This environment is part of the <a href='..'>classic environments</a>. Please read that page first for general information.

| Import             | `from pettingzoo.classic import connect_four_v3` |
|--------------------|--------------------------------------------------|
| Actions            | Discrete                                         |
| Parallel API       | Yes                                              |
| Manual Control     | No                                               |
| Agents             | `agents= ['player_0', 'player_1']`               |
| Agents             | 2                                                |
| Action Shape       | (1,)                                             |
| Action Values      | Discrete(7)                                      |
| Observation Shape  | (6, 7, 2)                                        |
| Observation Values | [0,1]                                            |


Connect Four is a 2-player turn based game, where players must connect four of their tokens vertically, horizontally or diagonally. The players drop their respective token in a column of a standing grid, where each token will fall until it reaches the bottom of the column or reaches an existing
token. Players cannot place a token in a full column, and the game ends when either a player has made a sequence of 4 tokens, or when all 7 columns have been filled.

### Observation Space

The observation is a dictionary which contains an `'observation'` element which is the usual RL observation described below, and an  `'action_mask'` which holds the legal moves, described in the Legal Actions Mask section.


The main observation space is 2 planes of a 6x7 grid.

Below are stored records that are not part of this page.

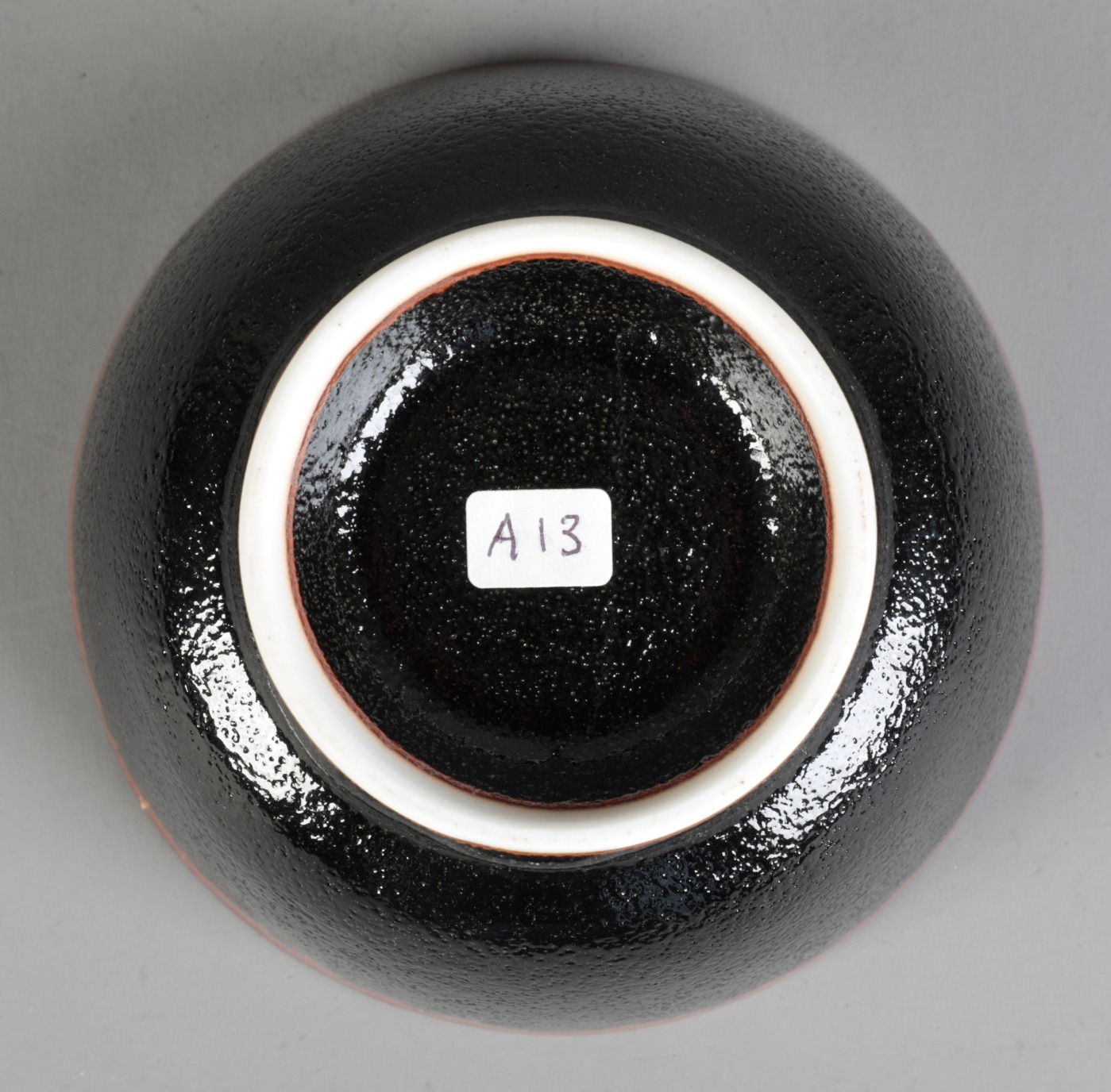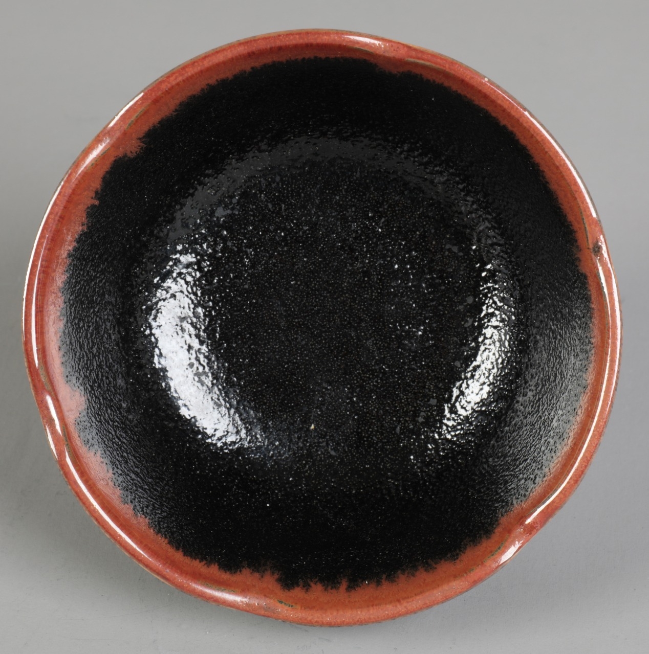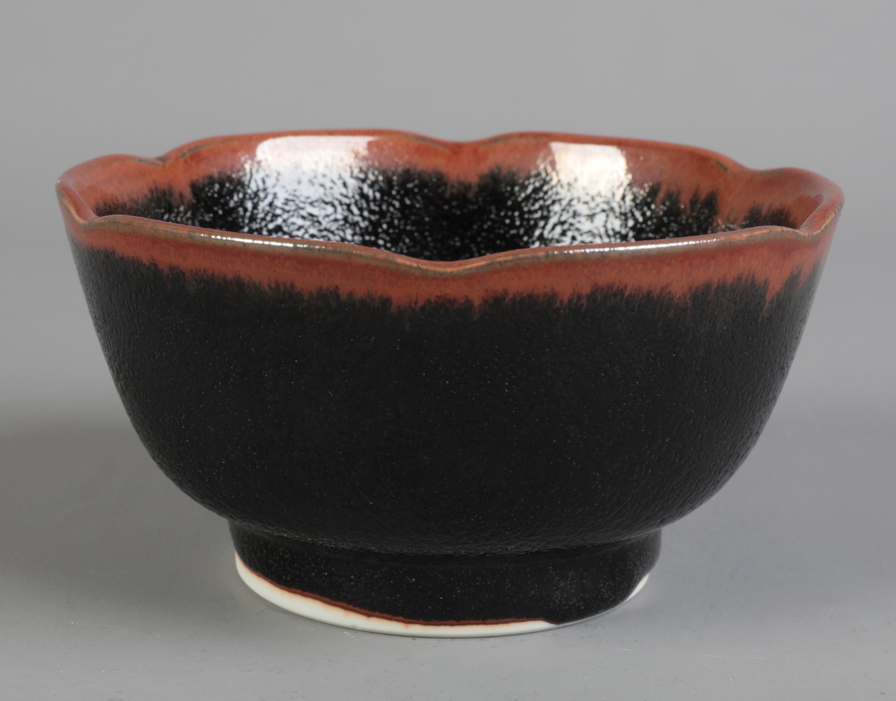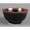 A CHINESE PORCELAIN 'HARE'S FUR' GLAZE BOWL20th century, with a shaped rim and tapered body on a raised foot, 6cm high x 11.5cm diameterThe Law Collection 羅.
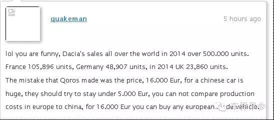 网友“quakeman”说:“达契亚2014年全球销量是50万辆,法国105896辆,德国48907辆,英国23860辆。观致的错位在于价格--1.6万欧元,对于一辆中国汽车来说太高了,应该钉在5000欧元以下。你不能拿欧洲的制造成本跟中国相比,1.6万欧元的价格几乎可以随便买欧洲制造的汽车了。”
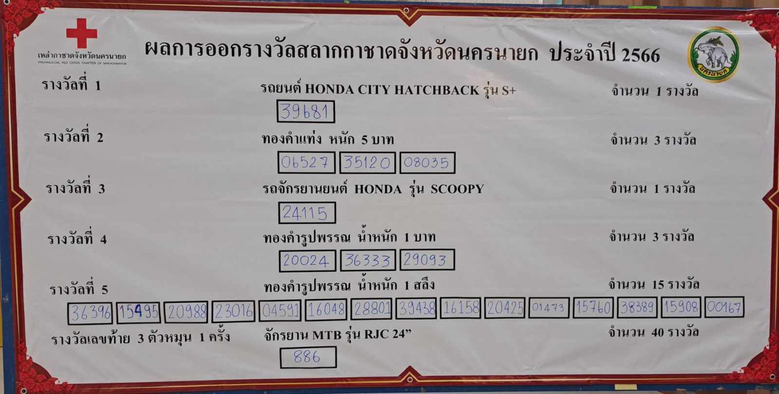 โดยมีรางวัลสลากกาชาดรวม 63 รางวัล ประกอบด้วย รางวัลที่ 1 รถยนต์ HONDA CITY HATCHBACK รุ่น S+ จำนวน 1 รางวัล รางวัลที่ 2 ทองคำแท่ง น้ำหนัก 5 บาท จำนวน 3 รางวัล รางวัลที่ 3 รถจักรยานยนต์ HONDA รุ่น SCOOPY จำนวน 1 รางวัล รางวัลที่ 4 ทองคำรูปพรรณ น้ำหนัก 1 บาท จำนวน 3 รางวัล รางวัลที่ 5 ทองคำรูปพรรณ น้ำหนัก 1 สลึง จำนวน 15 รางวัล รางวัลเลขท้าย 3 ตัว หมุน 1 ครั้ง รถจักรยาน MTB รุ่น RJC 24 จำนวน 40 รางวัล ซึ่งการออกสลากกาชาดจังหวัดนครนายก ประจำปี 2566 ในครั้งนี้ ได้รับความร่วมมือจากหัวหน้าส่วนราชการ ทุกส่วนราชการ ผู้บริหารองค์กรปกครองส่วนท้องถิ่นทุกแห่ง หัวหน้าหน่วยงานรัฐวิสาหกิจทุกแห่ง ภาคเอกชนในพื้นที่จังหวัดนครนายก ประชาชนชาวจังหวัดนครนายก กํานัน ผู้ใหญ่บ้าน ทุกคน ที่มีส่วนร่วมในกิจกรรมในครั้งนี้บรรลุผลเป็นไปด้วยความเรียบร้อย เหล่ากาชาดจังหวัดนครนายก ขอขอบคุณไว้ ณ โอกาสนี้

Each plane represents a specific agent's tokens, and each location in the grid represents the placement of the corresponding agent's token. 1 indicates that the agent has a token placed in that cell, and 0 indicates they do not have a token in
that cell. A 0 means that either the cell is empty, or the other agent has a token in that cell.


#### Legal Actions Mask

The legal moves available to the current agent are found in the `action_mask` element of the dictionary observation. The `action_mask` is a binary vector where each index of the vector represents whether the action is legal or not. The `action_mask` will be all zeros for any agent except the one
whose turn it is. Taking an illegal move ends the game with a reward of -1 for the illegally moving agent and a reward of 0 for all other agents.


### Action Space

The action space is the set of integers from 0 to 6 (inclusive), where the action represents which column a token should be dropped in.

### Rewards

If an agent successfully connects four of their tokens, they will be rewarded 1 point. At the same time, the opponent agent will be awarded -1 points. If the game ends in a draw, both players are rewarded 0.


### Version History

* v3: Fixed bug in arbitrary calls to observe() (1.8.0)
* v2: Legal action mask in observation replaced illegal move list in infos (1.5.0)
* v1: Bumped version of all environments due to adoption of new agent iteration scheme where all agents are iterated over after they are done (1.4.0)
* v0: Initial versions release (1.0.0)

"""

import os

import gymnasium
import numpy as np
import pygame
from gymnasium import spaces

from pettingzoo import AECEnv
from pettingzoo.utils import wrappers
from pettingzoo.utils.agent_selector import agent_selector


def get_image(path):
    from os import path as os_path

    import pygame

    cwd = os_path.dirname(__file__)
    image = pygame.image.load(cwd + "/" + path)
    sfc = pygame.Surface(image.get_size(), flags=pygame.SRCALPHA)
    sfc.blit(image, (0, 0))
    return sfc


def env(render_mode=None):
    env = raw_env(render_mode=render_mode)
    env = wrappers.TerminateIllegalWrapper(env, illegal_reward=-1)
    env = wrappers.AssertOutOfBoundsWrapper(env)
    env = wrappers.OrderEnforcingWrapper(env)
    return env


class raw_env(AECEnv):
    metadata = {
        "render_modes": ["human", "rgb_array"],
        "name": "connect_four_v3",
        "is_parallelizable": False,
        "render_fps": 2,
    }

    def __init__(self, render_mode=None):
        super().__init__()
        # 6 rows x 7 columns
        # blank space = 0
        # agent 0 -- 1
        # agent 1 -- 2
        # flat representation in row major order
        self.screen = None
        self.render_mode = render_mode

        self.board = [0] * (6 * 7)

        self.agents = ["player_0", "player_1"]
        self.possible_agents = self.agents[:]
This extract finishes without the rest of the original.